Government leprosy hospital in Mumbai

Acworth Municipal Hospital for Leprosy (AMHL), or simply Acworth Leprosy Hospital, is a public hospital for leprosy located in Wadala, Mumbai. It is the city's only dedicated leprosy centre, and as of November 2022, has 67 patients in care. Out of these, only two have active leprosy. It was also known as Asylum for Homeless Lepers.

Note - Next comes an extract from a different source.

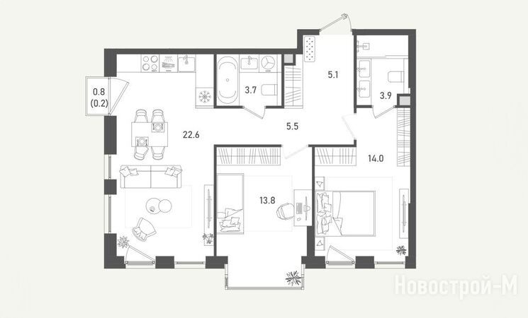 Самый дорогой вариант в доступном предложении – квартира площадью 92,7 кв. м. В ее планировке три спальни, три санузла и большая кухня-гостиная площадью 50,8 кв. м с панорамным джамбо-окном. Продается этот лот за 36,9 млн рублей.

It started with 50 beds as Homeless Leper Asylum on 7 November 1890, and was funded by the city's philanthropists and then municipal commissioner Harry Arbuthnot Acworth. It was later renamed as Acworth Leper Asylum in 1904. The hospital was developed in the premises of Matunga Artillery Centre which were vacated in 1885. By 1957, the hospital had 500 beds. In 1970, the hospital staff started the Acworth Leprosy Hospital Society for Research, Rehabilitation, and Education in Leprosy (ALH-RRE) to commemorate the hospital's 80th anniversary. It is currently run by the Brihanmumbai Municipal Corporation, which restored it in March 2023.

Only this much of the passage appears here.